In: Statistics and Probability
A story in the Wall Street Journal reveals that “Tall Workers Earn More Money”. Ron, the president of a company, wants to know whether the relationship between salary and height exists in his own company, and obtains the following data from the human resources department.
a. Calculate the correlation between salary and height, and describe the relationship between these two variables.
b. How much of the variability in salary can be accounted for by height?

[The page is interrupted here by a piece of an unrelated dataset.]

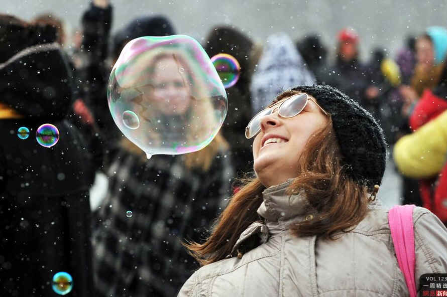 当地时间4月9日,俄罗斯圣彼得堡,民众在圣彼得堡广场聚集,举行吹泡泡快闪活动。意大利等国也曾通过吹泡泡快闪活动迎接春天。Photo ITAR-TASS/Ruslan Shamukov

c. Is there a significant correlation between salary and height?
Employee |
Salary (X) (in $1000s of dollars) |
Height (Y) (in inches) |
Max |
45 |
72 |
Jacob |
38 |
70 |
Jesse |
39 |
74 |
Jennifer |
33 |
60 |
Jeremy |
40 |
63 |
Brian |
36 |
68 |
Barbara |
42 |
67 |
Benny |
35 |
64 |
Rhonda |
47 |
77 |
Kelly |
45 |
69 |
Miriam |
37 |
67 |
Gloria |
34 |
66 |
Shirley |
42 |
70 |
Eden |
46 |
73 |
a) type all data in Excel and
Data -> data analysis-> correlation -> choose both x and y simulatenously. -> ok
We get correlation coefficient as r= 0.7247
Here the correlation is positive and we can see a correlation between salary and height even though it is not strong( because it is not close to one) , fairly a correlation.
Height and salary are correlated that means there exist a good linear relationship between them.
b)Data- data analysis- regression - choose x and y values -ok
We get the regression equation as
x= -10.6223+ .7372y ( because x is dependent variable and y is independent)
And coefficient of determination= R2= .5252
Ie almost 52.52% of variability in salary can be explained by the height variable. [ Because coefficient of correlation accounts for the percentage that the change in or variation in dependent variable is explained by the independent variable] so here almost 60 % variation in salary is explained by the independent variable height .
c) to test the significance of correlation ,
Test H0: rho =0
H1 : rho not equal to zero
Where rho is the population correlation.
Test Statistic is t= r√(n-2) / √(1-r2)
Which follows t with n-2 degrees of freedom.
On substituting values t = 3.6434
t value corresponding to n-2 degrees of freedom = +_ 2.179
P value = 0.003367
So at 5% level we reject null hypothesis. Since p value is less than alpha =0.05
ie rho not equal to zero, means there is a significant correlation.